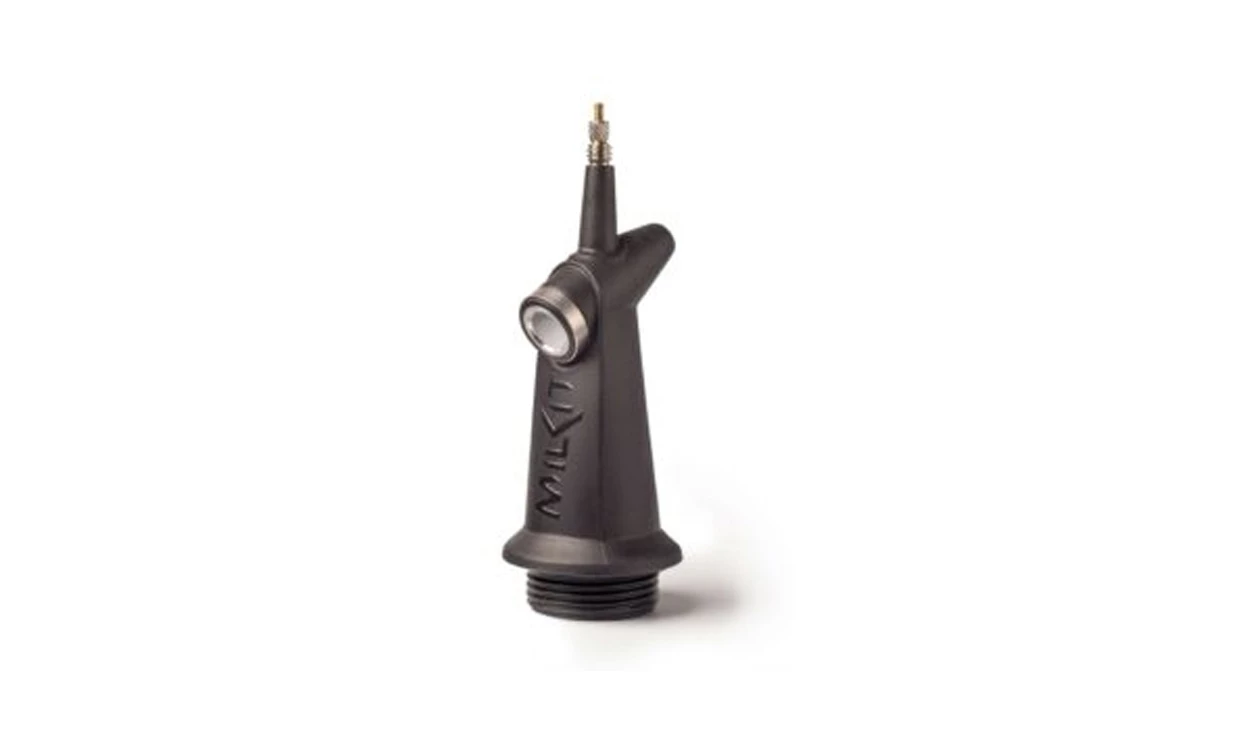Milkit propose en pièce détachée une tête de rechange pour son gonfleur Booster. Elle est compatible avec les modèles 0.6 L et 0.75 L. La tête de remplacement Milkit est ingénieuse car elle se fixe directement à la bouteille. Aucun tuyau supplémentaire n’est à ajouter entre les deux, ce qui permet à l’air d’être propulsé directement dans la valve. En effet, la tête vient se visser sur la bouteille d’air. À noter que le filetage est un filetage standard.
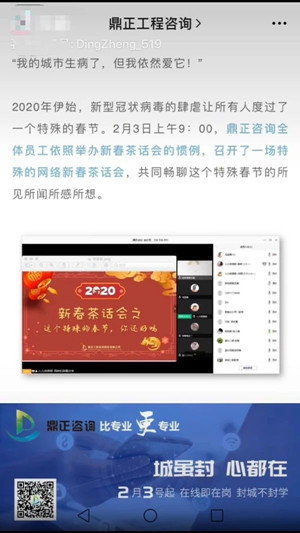 因疫情防控的需要,很多行業(yè)不得不延遲復(fù)工,建設(shè)行業(yè)亦是如此。為有效應(yīng)對(duì)這次疫情,將其影響降到最低,鼎正工程咨詢股份有限公司領(lǐng)導(dǎo)層快速反應(yīng),制定了一系列緊急預(yù)案,采取應(yīng)對(duì)疫情的各項(xiàng)措施,并開(kāi)展遠(yuǎn)程辦公和線上培訓(xùn)學(xué)習(xí)。
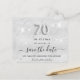 En elegant Spara datumkortet för en 70:e födelsedagsfest. En modern faux-metallisk tittar i silver som dekoreras med faux glitter stoft. Anpassa och lägg till datum och namn/ålder. Grått färgad brev. Texten: Spara datumet skrivs med ett stort trendig-handskript i stil. Nummer 70 med ett stil-teckensnitt med ballong.
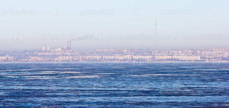Город у моря и русская зима со льдом и снегом
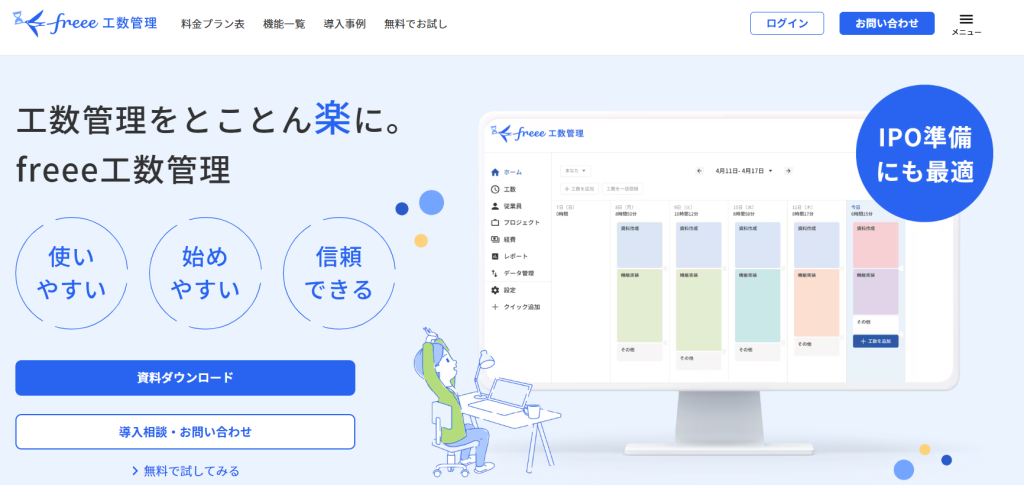 freee工数管理は、フリー株式会社が提供する工数・収支の可視化に特化したクラウドサービスです。日々の工数入力から集計、プロジェクト別の人件費原価の算出までを一貫して扱える設計で、集計作業の手戻りを抑えられます。
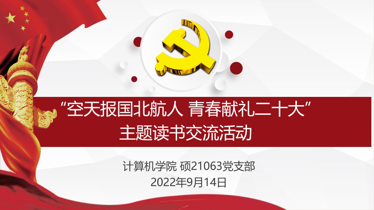 七十载空天报国,新时代逐梦一流。WilliamHill官方网站将在2022年10月迎来建校70周年华诞,在这一历史时刻即将到来之际,硕21063党支部于2022年9月14日开展了以“空天报国北航人,青春献礼二十大”为主题的线上读书交流活动,支部全体党员参加。
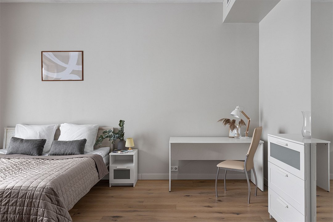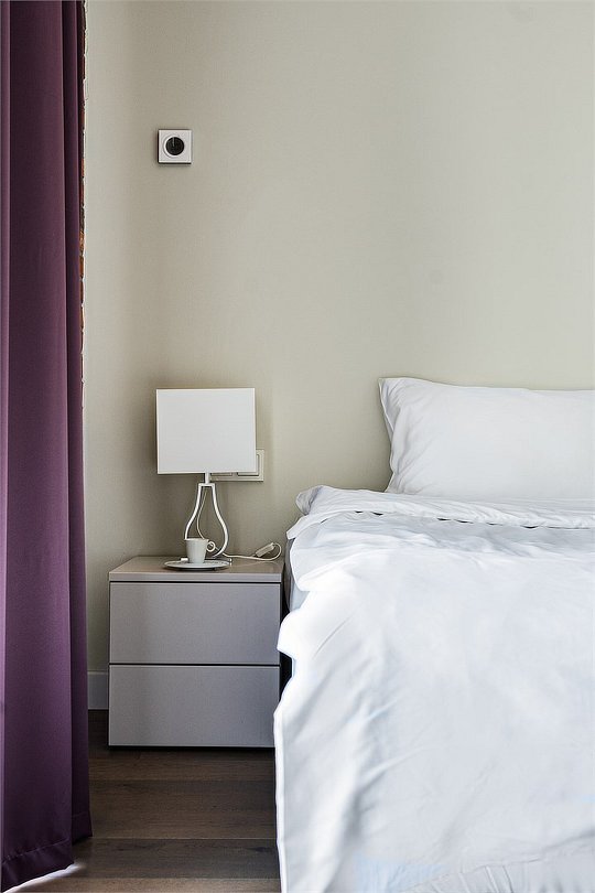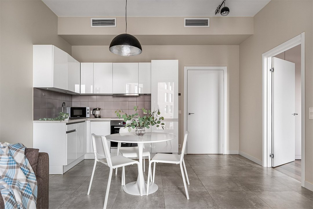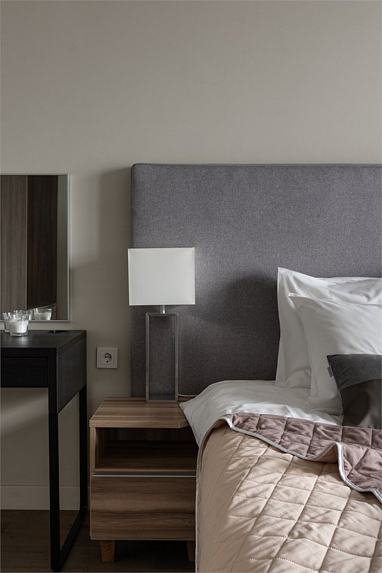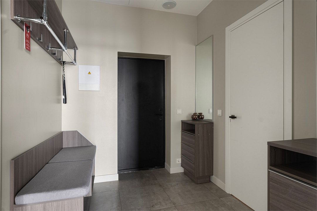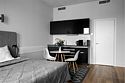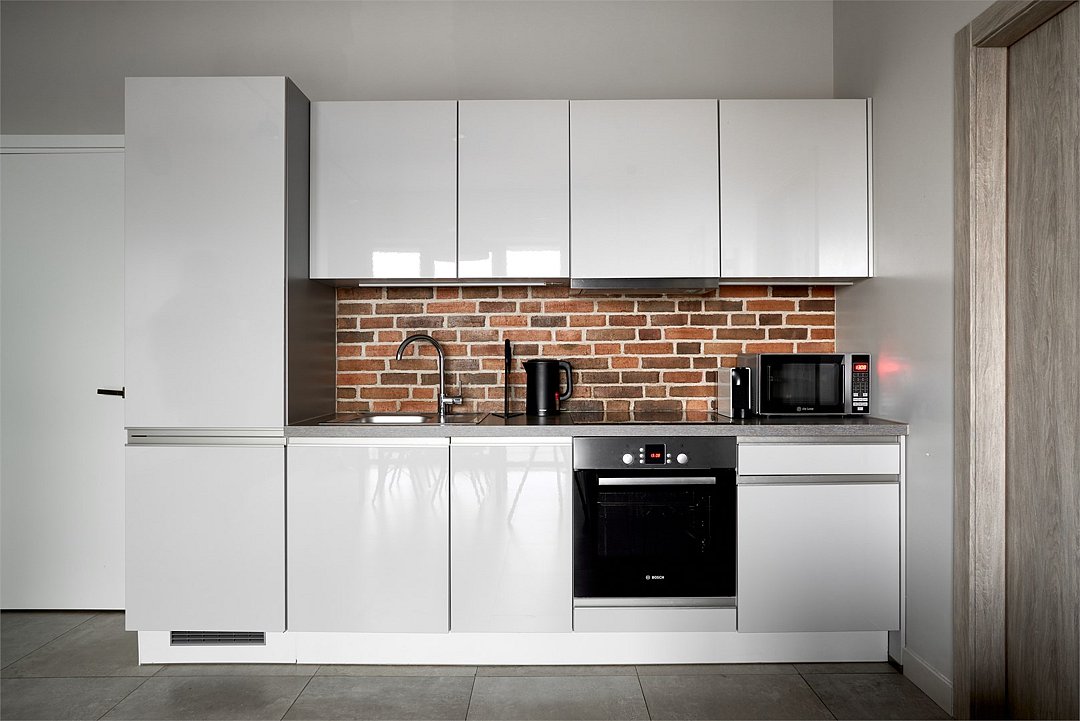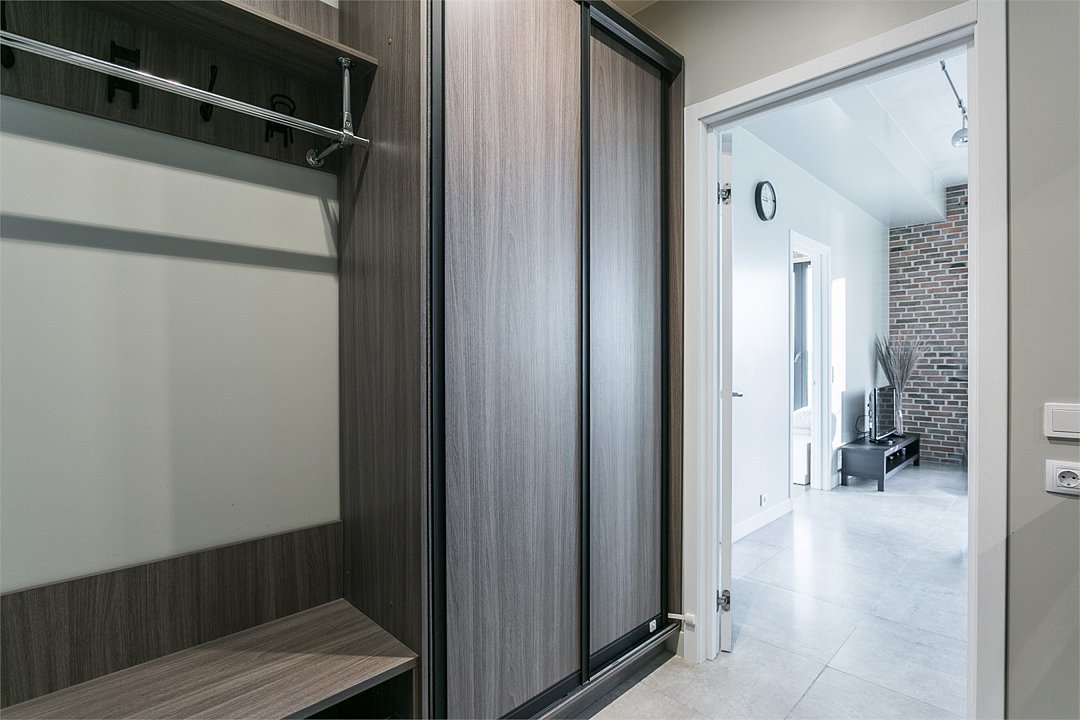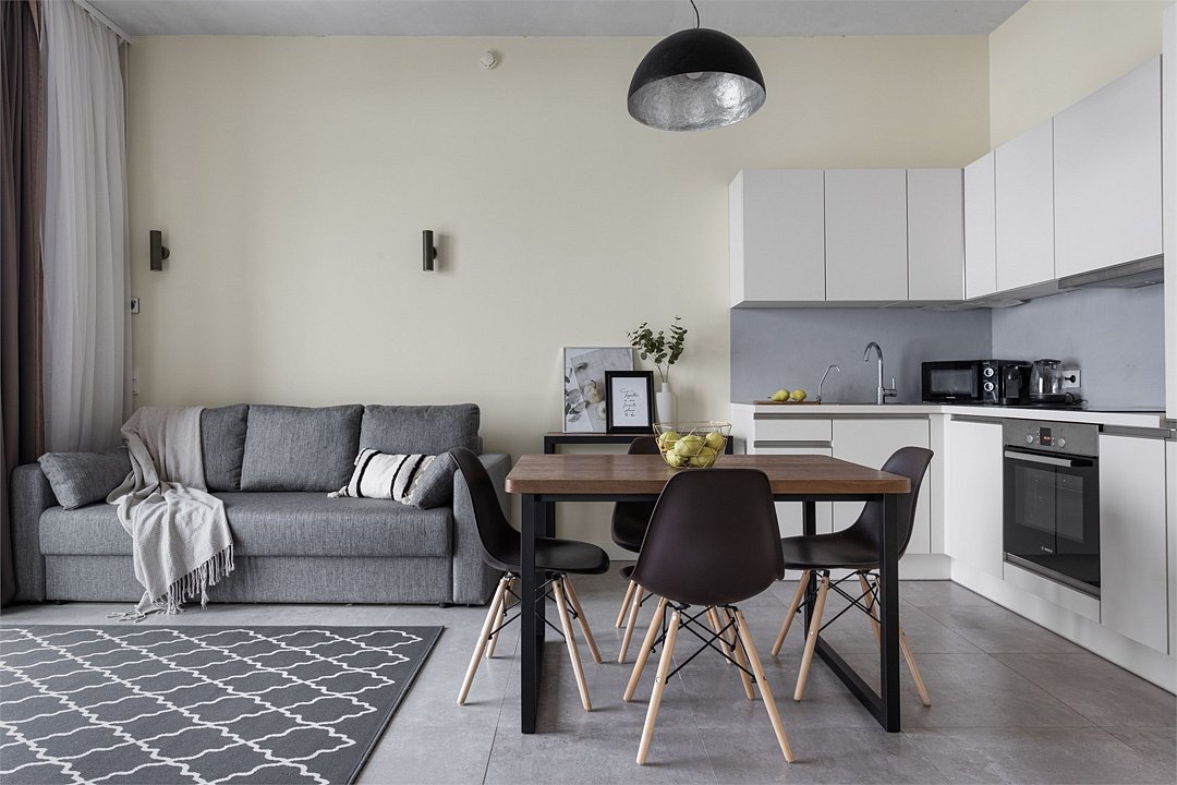 Апартаменты на 7,9 и 11 этажах площадью по 37 м² с видом на город для семейной пары с детьми или 3-х гостей Санкт-Петербурга. Высокие потолки, панорамные окна, отделка стен клинкерным кирпичом, звукоизоляция, климатконтроль. В апартаментах есть все необходимое: двуспальная кровать King size в спальне, гардеробная, удобный раскладной диван (ширина 120 см) в кухне-гостиной. Кухня оборудована бытовой техникой (плита, холодильник, чайник, микроволновка), а также посудой и столовыми приборами. В ванной комнате есть фен, гигиенические принадлежности, набор полотенец, тапочки. В стоимость проживания не включена ежедневная уборка со сменой постельного белья и полотенец — оплачивается дополнительно по запросу.Услуги и удобства
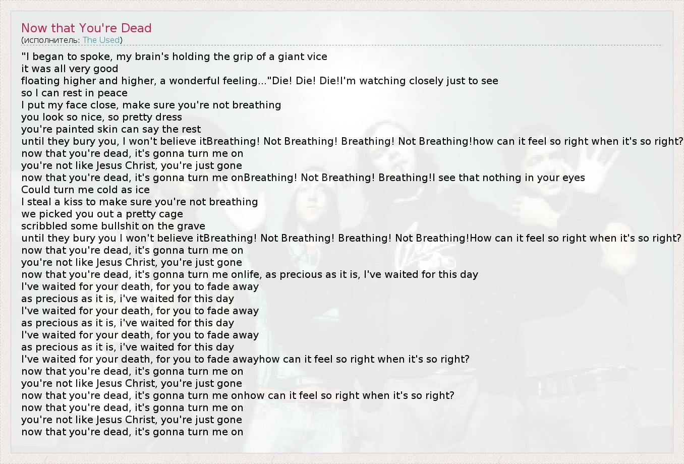 "I began to spoke, my brain's holding the grip of a giant vice it was all very good floating higher and higher, a wonderful feeling..."Die! Die! Die!I'm watching closely just to see so I can rest in peace I put my face close, make sure you're not breathing you look so nice, so pretty dress you're painted skin can say the rest until they bury you, I won't believe itBreathing! Not Breathing! Breathing! Not Breathing!how can it feel so right when it's so right? now that you're dead, it's gonna turn me on you're not like Jesus Christ, you're just gone now that you're dead, it's gonna turn me onBreathing! Not Breathing! Breathing!I see that nothing in your eyes Could turn me cold as ice I steal a kiss to make sure you're not breathing we picked you out a pretty cage scribbled some bullshit on the grave until they bury you I won't believe itBreathing! Not Breathing! Breathing! Not Breathing!How can it feel so right when it's so right? now that you're dead, it's gonna turn me on you're not like Jesus Christ, you're just gone now that you're dead, it's gonna turn me onlife, as precious as it is, I've waited for this day I've waited for your death, for you to fade away as precious as it is, i've waited for this day I've waited for your death, for you to fade away as precious as it is, i've waited for this day I've waited for your death, for you to fade away as precious as it is, i've waited for this day I've waited for your death, for you to fade awayhow can it feel so right when it's so right? now that you're dead, it's gonna turn me on you're not like Jesus Christ, you're just gone now that you're dead, it's gonna turn me onhow can it feel so right when it's so right? now that you're dead, it's gonna turn me on you're not like Jesus Christ, you're just gone now that you're dead, it's gonna turn me on
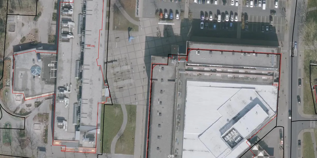Het perceel waarop Eems 16 staat heeft een oppervlakte van 6050 m². Dit is een zeer groot perceel. De perceeloppervlakte wordt geregistreerd door het Kadaster. Gedetailleerde informatie over de maten van dit perceel kunt u vinden in het rapport Kadastrale kaart met maatvoering van Eems 16.
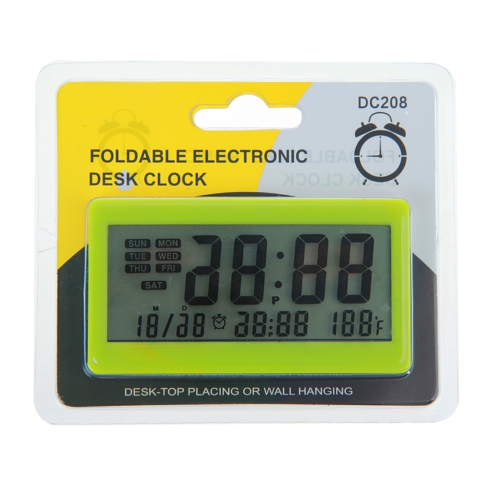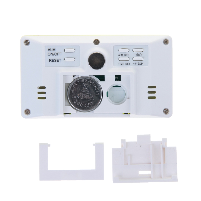 Электронные часы удобны в использовании и многофункциональны. На дисплее отображается дата, время, месяц и день недели, а также температура воздуха. Лёгкая настройка обеспечивается кнопками, расположенными на обратной стороне прибора. Здесь же можно установить время звонка будильника. Подсветка экрана и чёткая индикация цифр гарантируют их видимость даже из дальних углов комнаты. В комплект входит подставка для устройства.

────────

## What you have to do
Look above for the line with "七十载空天报国,新时代逐梦一" and the line with "Апартаменты на 7,9", then copy them and all lines in between exactly as written, and only those, without any pictures.

## Reply
 七十载空天报国,新时代逐梦一流。WilliamHill官方网站将在2022年10月迎来建校70周年华诞,在这一历史时刻即将到来之际,硕21063党支部于2022年9月14日开展了以“空天报国北航人,青春献礼二十大”为主题的线上读书交流活动,支部全体党员参加。
 Апартаменты на 7,9 и 11 этажах площадью по 37 м² с видом на город для семейной пары с детьми или 3-х гостей Санкт-Петербурга. Высокие потолки, панорамные окна, отделка стен клинкерным кирпичом, звукоизоляция, климатконтроль. В апартаментах есть все необходимое: двуспальная кровать King size в спальне, гардеробная, удобный раскладной диван (ширина 120 см) в кухне-гостиной. Кухня оборудована бытовой техникой (плита, холодильник, чайник, микроволновка), а также посудой и столовыми приборами. В ванной комнате есть фен, гигиенические принадлежности, набор полотенец, тапочки. В стоимость проживания не включена ежедневная уборка со сменой постельного белья и полотенец — оплачивается дополнительно по запросу.Услуги и удобства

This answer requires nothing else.